Avis | J’ai parlé à la Cassandre de l’ère d’Internet

La grande plateforme technologique débat sur la censure en ligne et la modération du contenu ? Ce sont en fin de compte des débats sur l’amplification et l’attention. Idem avec la crise de la désinformation. Il est impossible de comprendre la montée de Donald Trump et de l’aile MAGA de l’extrême droite ou, vraiment, de la politique américaine moderne sans comprendre le détournement d’attention et comment il est utilisé pour exercer le pouvoir. Même le récent rallye boursier de GameStop et les retombées de Reddit sur les réseaux sociaux partagent ce thème, illustrant une vérité universelle sur l’économie de l’attention : ceux qui peuvent collectivement attirer suffisamment d’attention peuvent accumuler rapidement une quantité stupéfiante de pouvoir. Et cela n’a jamais été aussi facile à faire qu’en ce moment.

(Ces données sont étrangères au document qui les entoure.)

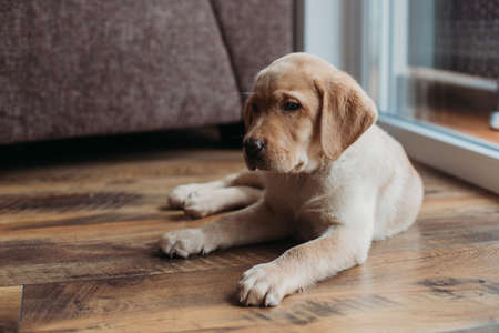 Charming puppy of a beige labrador retriever lies at home on the floor next to the armchair. People and animals. Keeping dogs and caring for them at home

M. Goldhaber était en conflit à propos de tout cela. C’est incroyable et troublant de voir cela se développer dans la mesure où cela s’est produit, a-t-il dit quand je lui ai demandé s’il se sentait comme une Cassandre de l’ère d’Internet. De toute évidence, il a vu M. Trump et les tweets, les rassemblements et la domination des informations par câble qui ont défini sa présidence comme un produit presque parfait d’une économie de l’attention, une vérité qui l’a grandement perturbé. De même, il a déclaré que la tentative d’insurrection du Capitole en janvier était le résultat de milliers d’influenceurs et de médias qui, dans le but de gagner fortune, gloire et attention, ont lancé des théories du complot de plus en plus dangereuses sur des plateformes optimisées pour amplifier l’indignation.

On pouvait juste voir comment il y avait tant de factions disparates de croyants là-bas, a-t-il dit, faisant remarquer la surabondance de selfies et de vidéos de partisans de QAnon, de membres de milices, de négateurs de Covid-19 et d’autres. Cela ressemblait à l’expression d’un monde dans lequel chacun cherche désespérément son propre public et fracture la réalité dans le processus. Je ne vois que s’accélérer.

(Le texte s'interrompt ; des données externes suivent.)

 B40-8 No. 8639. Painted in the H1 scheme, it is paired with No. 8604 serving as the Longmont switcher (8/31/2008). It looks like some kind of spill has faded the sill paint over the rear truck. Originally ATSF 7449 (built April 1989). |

Alors que M. Goldhaber a déclaré qu’il voulait garder espoir, il était profondément préoccupé de savoir si l’économie de l’attention et une démocratie saine peuvent coexister. Les discussions politiques nuancées, a-t-il dit, seront presque certainement simplifiées en slogans dénués de sens afin de voyager plus loin en ligne, et les politiciens continueront à adopter des positions plus extrêmes et à réquisitionner des cycles d’information. Il a dit qu’il craignait que, comme pour le Brexit, la discussion rationnelle sur ce que les gens ont à gagner ou à perdre des politiques soit noyée par les plus bruyants et les plus ridicules.

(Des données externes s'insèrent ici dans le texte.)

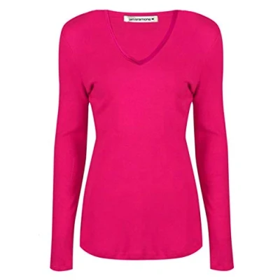 janisramone Womens Ladies V Neck Long Sleeve T Shirt Stretchy Plain Jersey Slim Fit Casual Basic Tee Tops Cerise

M. Goldhaber a déclaré que regarder M. Trump à travers le prisme de l’attention permet de mieux comprendre son attrait pour ses partisans et, potentiellement, comment combattre son style politique. Il a dit que bon nombre des facteurs de polarisation dans le pays sont, par essence, attentionnels. Ne pas avoir de diplôme universitaire, a-t-il soutenu, signifie moins d’attention de la part des entreprises ou de l’économie en général. Vivre dans une zone rurale, a-t-il suggéré, signifie être plus éloigné des centres culturels et peut entraîner un sentiment d’aliénation par l’attention que les villes génèrent dans les nouvelles et dans la culture pop. Il a dit que presque par accident, M. Trump a exploité cette frustration en prétendant au moins leur prêter attention. Son racisme et sa misogynie flagrants étaient une reconnaissance envers ses partisans qui estiment qu’ils méritent l’attention et ne l’obtiennent pas parce que cela va aux autres, a-t-il déclaré.

Sa plus grande inquiétude, cependant, est que nous ne parvenons toujours pas à reconnaître que nous vivons dans une économie de l’attention rugissante. En d’autres termes, nous avons tendance à ignorer sa maxime préférée, de l’écrivain Howard Rheingold : L’attention est une ressource limitée, alors faites attention à l’endroit où vous portez votre attention.

Où allons-nous commencer? Il ne s’agit pas de rester assis seul et de ne rien faire, m’a dit M. Goldhaber. Mais au lieu de cela, demandez-vous comment répartissez-vous l’attention que vous avez de manière plus ciblée et intentionnelle ? Une partie de cela est une réflexion personnelle critique sur qui nous amplifions et réévaluons nos habitudes et nos passe-temps. Une autre partie est de penser à l’attention en société. Il a fait valoir que les problèmes urgents comme les revenus et l’inégalité raciale sont, en partie, des questions sur l’endroit où nous dirigeons notre attention et nos ressources et sur ce que nous valorisons.